CVE-2023-35835, CVE-2023-35836, and CVE-2023-35837
SolaX Pocket WiFi v3
At time of writing believed to affect all known firmware versions
Tested up to and including v3.009.03_20230504
No known plans to distribute patches to existing owners of SolaX equipment

These three vulnerabilities are all in relation to the Pocket WiFi v3 hardware module that can be used with SolaX inverters for solar panels and batteries. The three CVEs represent three different but related vulnerabilities for the same device. Between the three vulnerabilities, an attacker could trivially write a script that detects SolaX Pocket WiFi networks, connects to them, and then issues potentially damaging ModBus commands to the inverter. Additionally, the attacker could use this access to further infiltrate the victim’s WiFi network that the Pocket WiFi device is simultaneously connected to.

CVE-2023-35835: Persistent Open WiFi Access Point

The device maintains a permanent open WiFi access point. It is intended to be used for initial configuration and it lacks any form of network authentication. This access point persists even after setup is complete and provides access to a web-based configuration utility and an unauthenticated ModBus protocol interface. It is possible to send standard ModBus messages to the inverter using this unauthenticated WiFi access point. The ModBus service facilitates reading and writing data to the inverter which could change its configuration and therefore cause disruption to its standard functioning. Though not tested, owing to a limited number of test devices, it is anticipated that this service could be attacked in order to cause physical damage to the inverter and potentially other connected components.

CVE-2023-35836: Network Configuration Disclosure

Attackers within radio frequency range can obtain a cleartext copy of the device’s network configuration, including the Wi-Fi Pre-Shared Key (PSK), during setup and reconfiguration of the Pocket WiFi device.
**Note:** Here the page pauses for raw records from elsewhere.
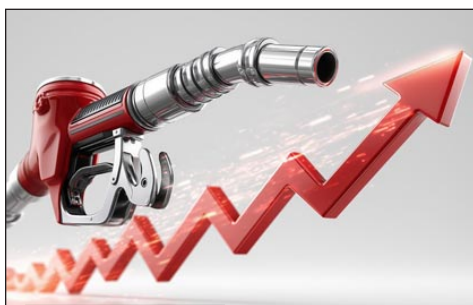
Ρεπορτάζ σελ. 5

Η γεωπολιτική κρίση πιέζει τις τιμές προς τα πάνω - Πολλοί οδηγοί στρέφονται στη Βουλγαρία για φθηνότερη βενζίνη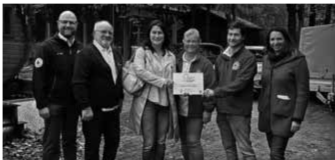
In Ebermannstadt konnte die Wasserwacht im Jahr 2025 dank dem Regionalbudget ihr Gelände neu gestalten

Alle Projekte stellen wir auf www.ile-fsa.de vor.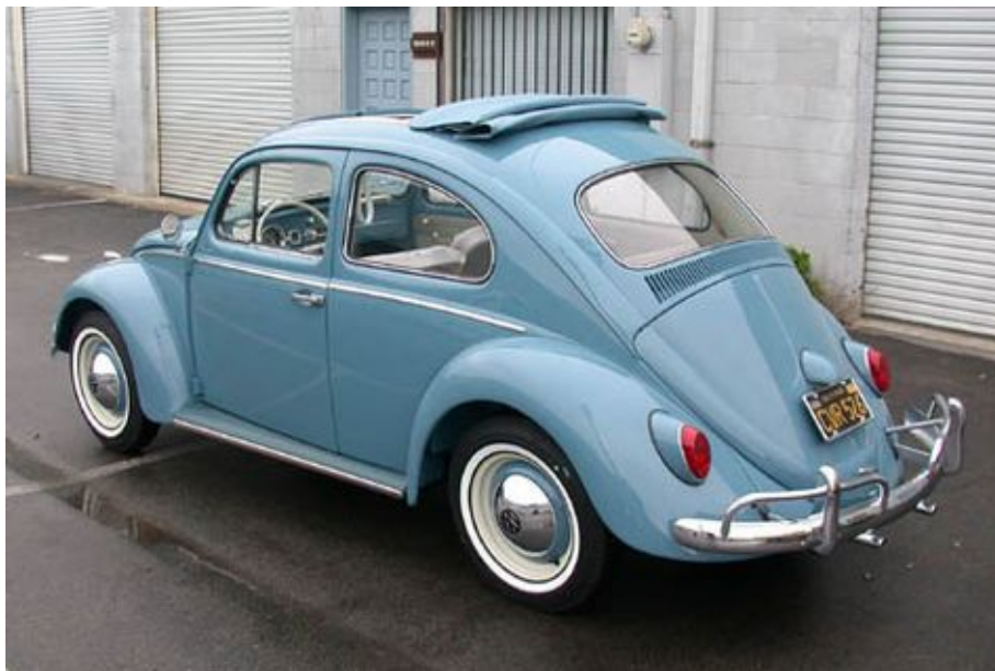
Figura 15. Pichirilo celeste

El final de la primera serie se desarrolla en el interior de un antiguo pichirilo celeste, un regalo de la madre de los hermanos para Elena, quien lo atesora como su primer vehículo. Los demás capítulos de la serie se desarrollan principalmente en el pichirilo.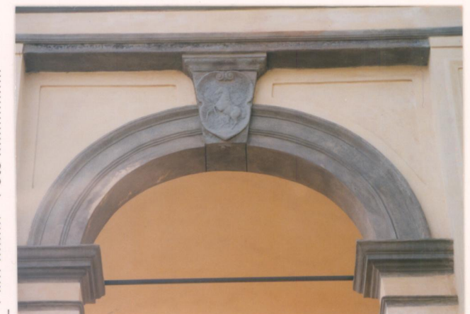
p.v. N. 12. Particolare della torretta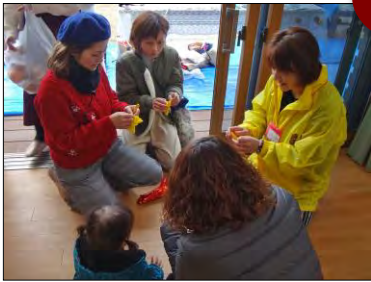
みんなで飾り付けの準備。 ちびっこもお手伝い。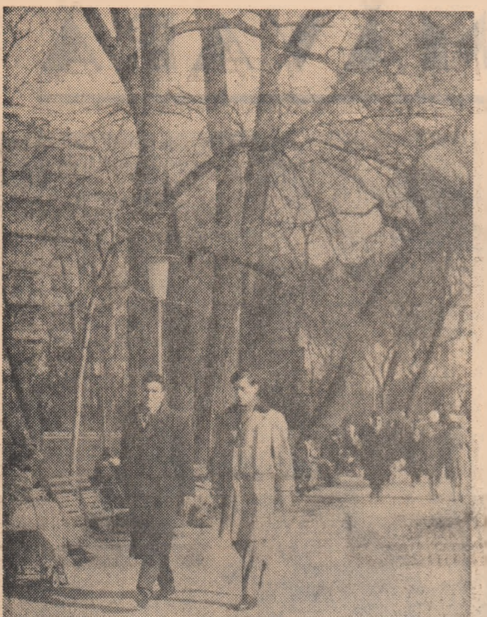
Zi de primăvară în Cișmigiu.

La Institutul de cercetări științifice pentru mașini matematice din Praga a fost dată în exploatare de probă o parte din utilajul noi mașini electronice de calcul, cu cifre — „Epos”. Aceasta este o mașină de calcul cu comandă automată, destinată în primul rînd pentru evidență și efectuarea de calcule tehnico-științifice. Ea poate efectua pînă la 17 000 operații pe secundă, iar modelul cu tranzistori electrice pînă la 30 000 de operații pe secundă.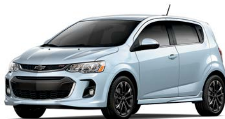
GGB – BLEU ARCTIQUE MÉTALLISÉ 1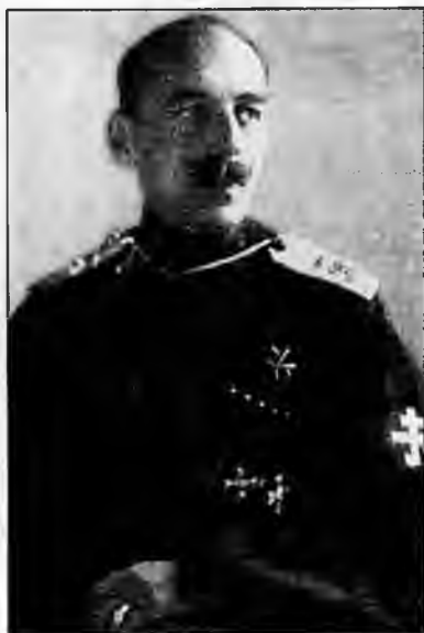
П.Р. Бермонт-Авалов — один из руководителей Центральной организации русских националистов (ЦОРН), возникшей в Германии в 1933 г.

This means that an attacker could access the victim’s Wi-Fi network using the obtained PSK and therefore could perform attacks on machines and services that were otherwise not exposed.
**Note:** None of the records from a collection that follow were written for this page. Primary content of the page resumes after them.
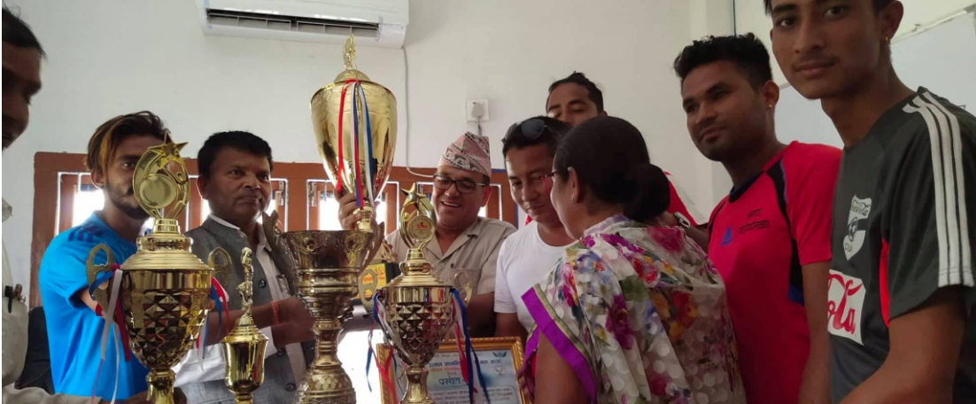
गाउँपालिकालाई ट्रफि हस्तान्तरण गरिदै साथमा प्रदेश सांसदज्यू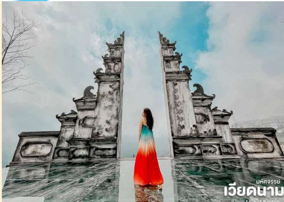
บึงจรรย์ เวียงจันทน์ ฮานอย • ซาปา • ฟานซิปัน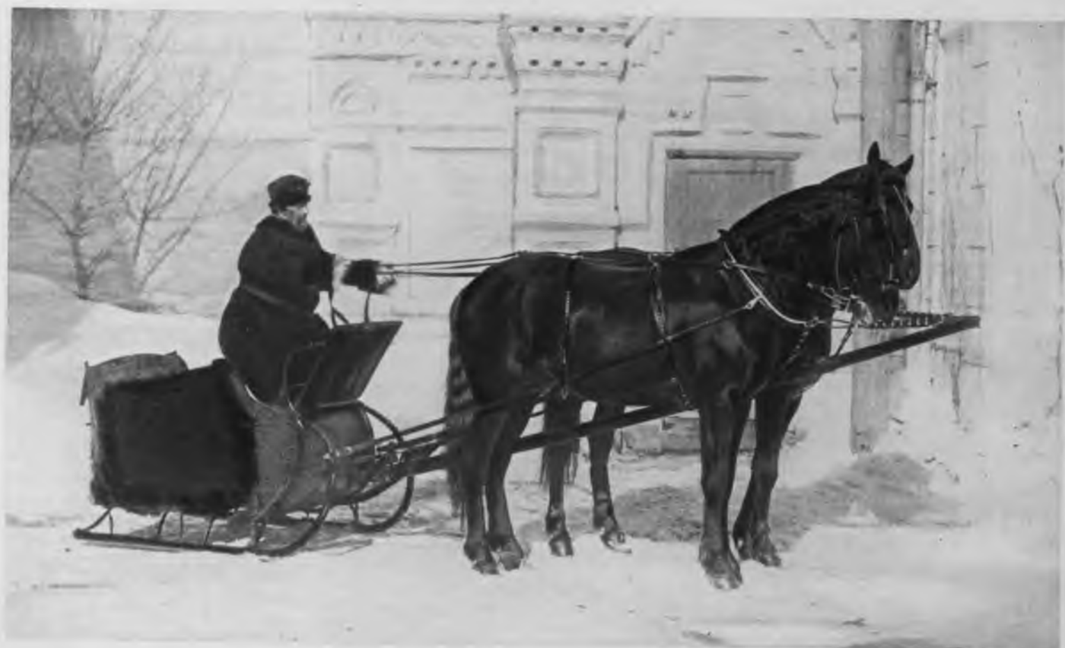
Московский бытъ. Зимній „лихачъ“. Зимняя барская упряжка.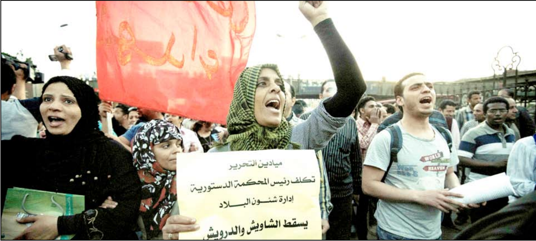
مظاهرة تحمل لافتة تندد بحكومة مرسي اثناء مسيرة تضامناً مع الكنيسة القبطية ( ا.ف.ب)

بديهياً أن التوافق على سلام رئيساً للحكومة لا يعني التوافق بين أطراف العمل السياسي، المهم أنه برّد لهيب الاحتقان الطائفي، ودفع إلى الإرضوخ لفكرة التوازن في اللعبة السياسية، وبات مؤكداً أن تيار المستقبل سيسعى لاستعادة دوره الذي حاول شيوخ السلفية التفرّد فيه، كما بات مؤكداً أن حزب الله اقتنص الفرصة لمنع توريطة في معارك جانبية، تمنعه من أداء دوره السوري، وإذ تعوينا على أن رمال السياسة اللبنانية متحركة باستمرار، فإن علينا توقع عدم التوافق بين القوى المتصارعة، وعدم إنجاز تأليف حكومة سلام بالسرعة المأمولة، كما أن التطورات الإقليمية ستكون عاملاً في تطويل فترة التأليف، بانظار حسم الملفين السوري والنووي الإيراني.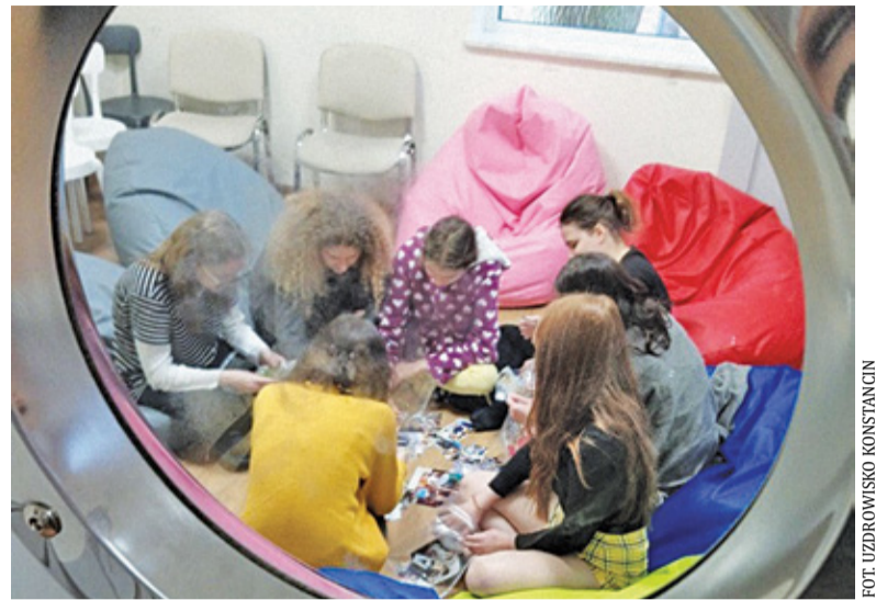
W ramach terapii odbywają się zarówno zajęcia grupowe, jak i indywidualne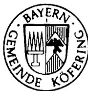
Armin Dirschl Erster Bürgermeister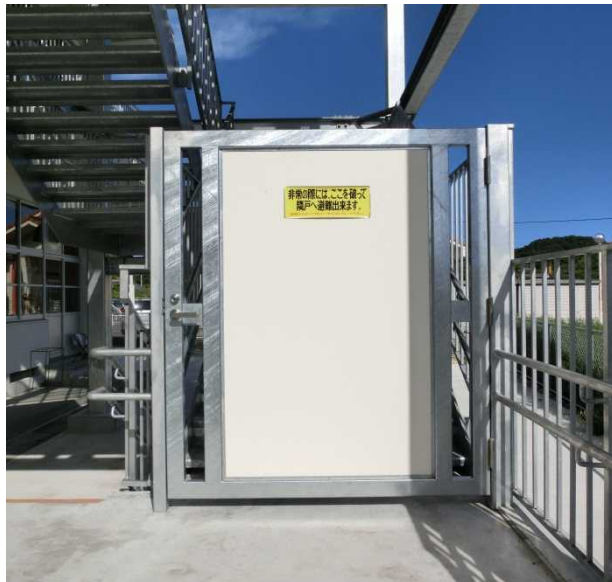
避難階段の入り口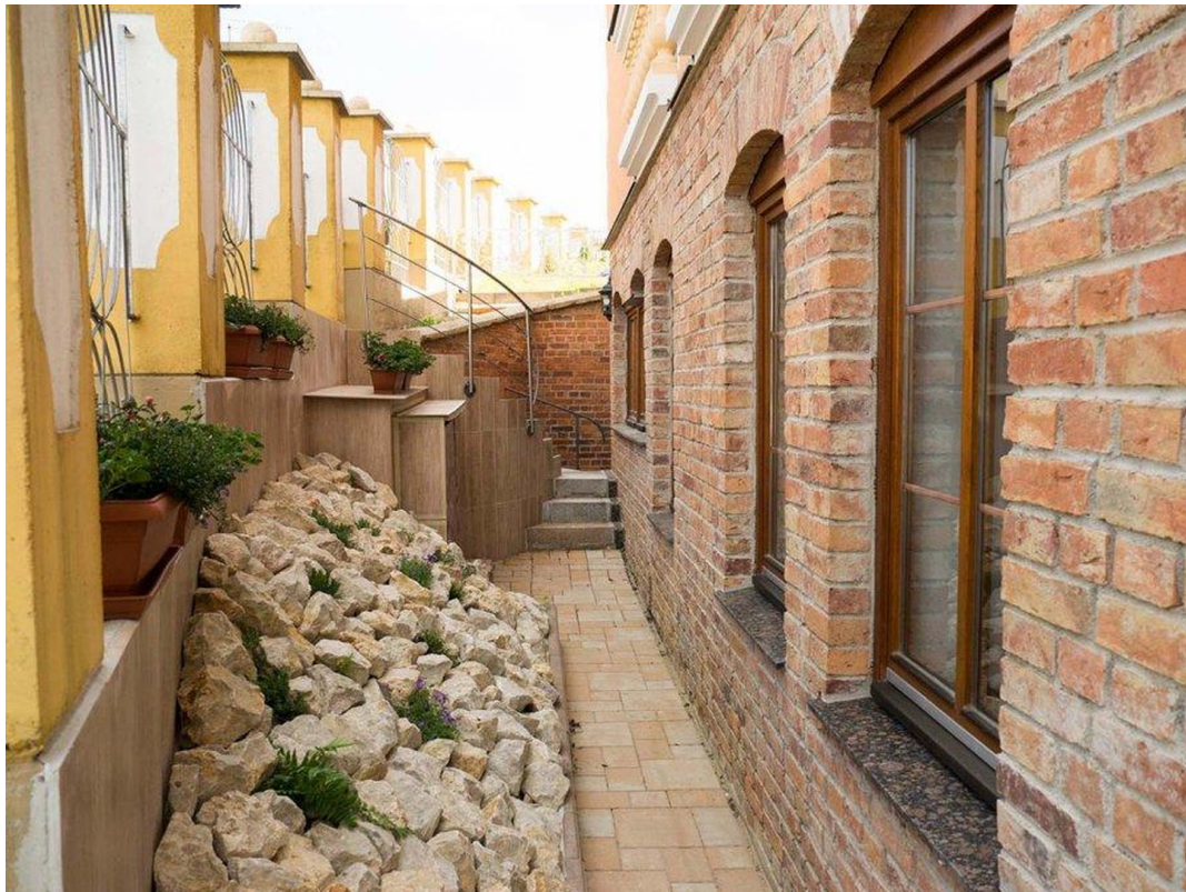
UG Eingang West

CVE-2023-35837: Web admin uses predictable password

The web interface authentication relies on an unauthenticated WiFi access point, and the administrative password is the device’s registration ID, which is also the WiFi SSID. This means that an attackers could gain unauthorized access to the Pocket WiFi web interface, reconfigure the device, or upload malicious firmware. This then potentially leads to Denial of Service, code execution, or Privilege Escalation.

SolaX’s response to the disclosure

After persistent communication from myself, SolaX informs me that they are going to:

  • “hide the SSID”, which might mean turning off SSID beacons
  • add a “local encryption strategy”, which I think means adding TLS to the web interface, but this is a guess
  • add a “default password modification strategy”, which I hope means alerting users to default passwords
  • add a PSK to the WiFi access point

SolaX have been unable to identify a strategy for getting any security patches distributed to existing owners of their Pocket WiFi modules. They have indicated that they could perform the updates remotely. I asked them for further details but none were forthcoming. At the time of writing there has been no update pushed to the Solax Pocket WiFi device I can access. In all fairness to them, there has been an extra option appear in the smart phone app that suggests it may now be possible to toggle on and off the WiFi access point. This feature doesn’t work though, presumably because I don’t have a corresponding firmware version.
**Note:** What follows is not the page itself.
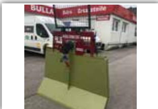
HOLZKNECHT HS 650 Seilwinde , Neumaschine, Bj. 2021, 6,5 Tonnen Zugkraft, 100 Meter - 10 mm gehämmert mit Parallelhaken, Autec Funk, Seilausstoß hydraulisch, Schildbreite 175 cm, Kipp Stop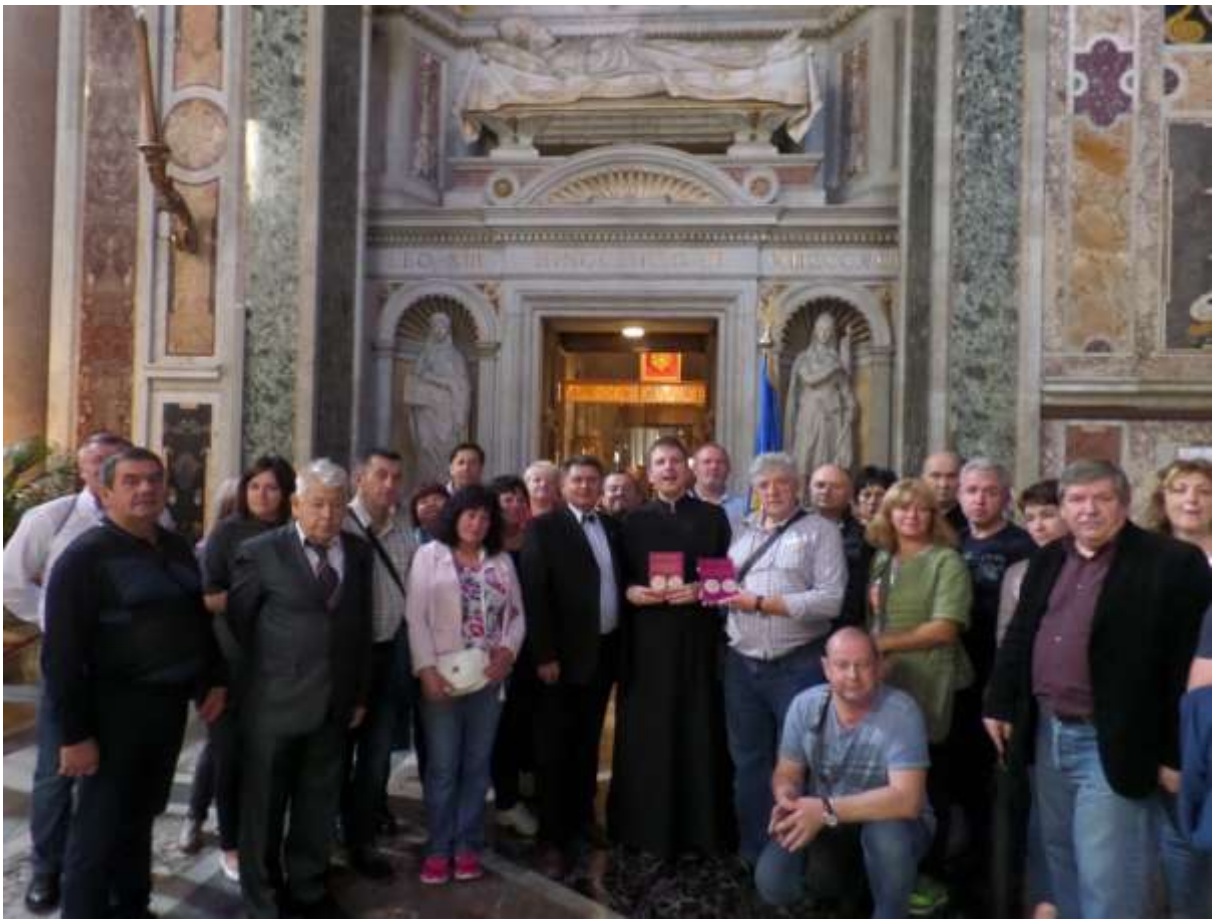
Фото. 18. Українська греко-католицька громада Лятиранського собору, делегація з Інституту Східної Європи, Кафедри Українознавства, Ліги Українського Козацтва, Міжнародному Фонду імені Івана Сірка, які взяли участь у вшануванні 800-ліття відходу у вічність Папи Римського Іннокентія III(1216-2016рр.) - засновника Галицького королівства в 1215 році(1215-2015рр.).

The below summarises my communication with SolaX. As you can see, some of it was hugely encouraging, whilst at other times it was lacking altogether. Above all else, I think this demonstrates how important it is that organisations have a vulnerability disclosure process in place. It was hard to get to talk to anyone in the first place, and even then it wasn’t the right person and during the whole period communication was patchy.

On May 11th, I sent an initial email expressing my concerns about the cybersecurity issues I discovered with their product. I offered to help them improve their product through responsible disclosure.

After receiving no response, I decided to follow up on May 17th. I reiterated the importance of responsible disclosure and mentioned my intention to request official CVE IDs with a 90-day disclosure period.

Still not hearing back from SolaX, I reached out to their telephone helpdesk on May 24th and sent another email, hoping for a response.

On May 25th, I received a call from a SolaX UK representative who understood my concerns and advised me to apply for CVE IDs whilst they investigated internally.

I informed SolaX on June 8th that I had submitted the CVE request and also requested their GPG key for encrypted communication.

Unfortunately, I received no response to my request for the GPG key or any subsequent emails I sent.

On July 17th, I sent a reminder about the impending public disclosure of the vulnerabilities on September 15th. I asked for cooperation from SolaX to work on security patches.

SolaX provided me with firmware images on July 20th, and communication resumed.

I asked SolaX about their plans to address the vulnerabilities, the timeline for implementation, and whether they had third-party security testing in mind on July 25th.

On 04 September 2023 after having received no response to several emails I decided to gather all the contacts I could find for company globally from their website and forward the email chain to date to them all asking for a response.

I got a flurry of emails starting on the 13th September, two days before the planned publication date. These were generally quite promising, they were looking at engineering solutions that would make the situation better and though needed a little direction to deal with the issues correctly, they seemed to be taking it all seriously. Then the emails stopped again.

Since I didn’t receive a response, I decided to follow up on September 20th. I wanted to understand when they expected to complete the corrective actions and distribute them to customers. I also proposed a delayed publication date of January 1st, 2024 in an attempt to give them some breathing room.

On September 25th, SolaX confirmed their planned security measures and mentioned a tentative completion date for corrective actions in December. They appeared to be unfamiliar with Coordinated Vulnerability Disclosure (CVD) so I gave them a brief explanation and pointed them to some online articles on the subject.

I reached out again on October 23rd to offer assistance and check on SolaX’s progress but heard nothing back.

On December 21st, I sent a final reminder regarding the impending publication date and requested information on SolaX’s distribution plan for security patches to their customers. As I didn’t hear back and I wanted to be as fair as possible to them, I have delayed publication until today.